In the question presented here the insurance company directed the attorney to make an offer of judgment. The attorney was then ethically obligated to inform the insured of his intent to make an offer of judgment. The insured thereby would have been on notice that if he did not wish an offer of judgment to be made that he should make his dissatisfaction immediately known.

If the insured informs the attorney that he does not wish the attorney to make the offer of judgment the attorney is ethically obligated to follow the insured's wishes. DR 5-107.

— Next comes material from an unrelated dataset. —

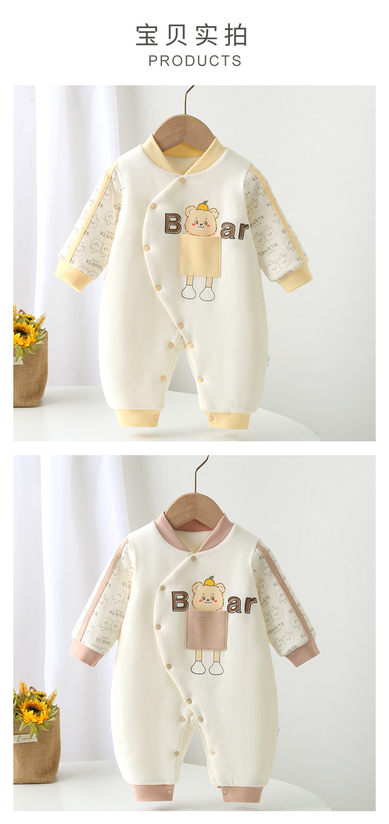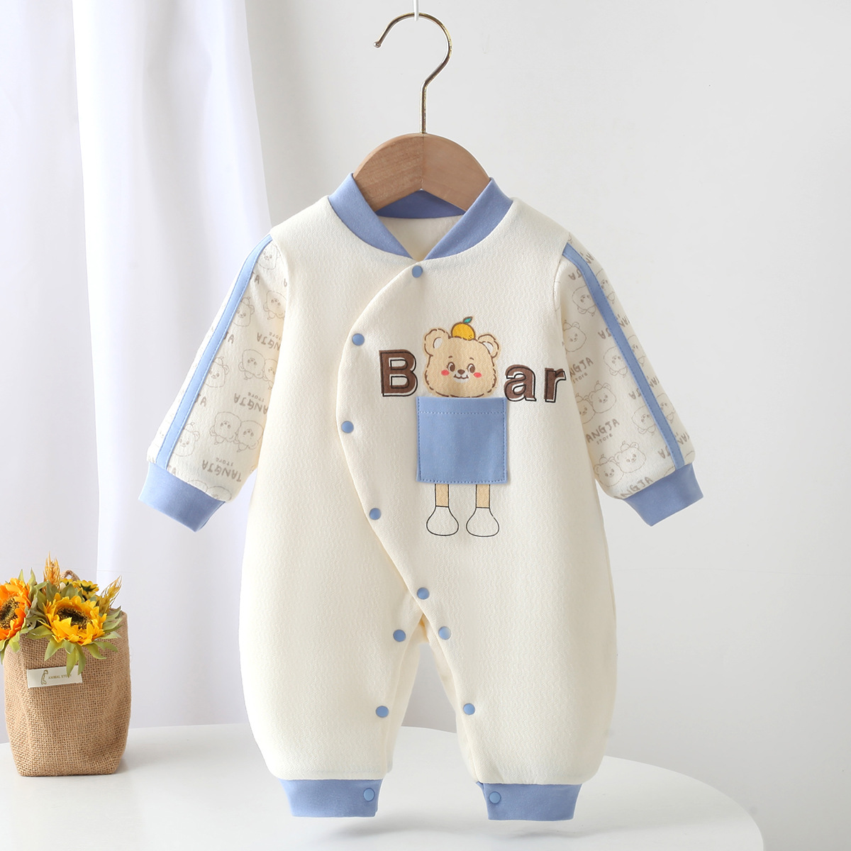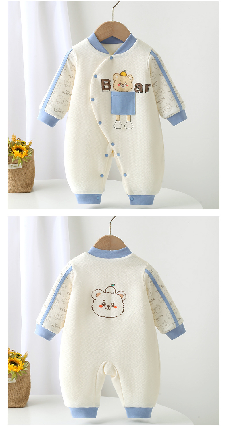 가을과 겨울 새로운 120g 면화 패딩 신생아 편심 은폐 버클 점프 수트 아기가 점프 수트를 나눕니다.

The attorney is also obligated to inform the insured of the possible ramifications of this position, including the impact on coverage under the insurance policy. The attorney must inform the insurance company of the insured's desires and indicate to the company that the attorney cannot proceed on a course contrary to the desires of his client, the insured.

Approved by the Alaska Bar Association Ethics Committee on January 11, 1990.
Adopted by the Board of Governors on January 19, 1990.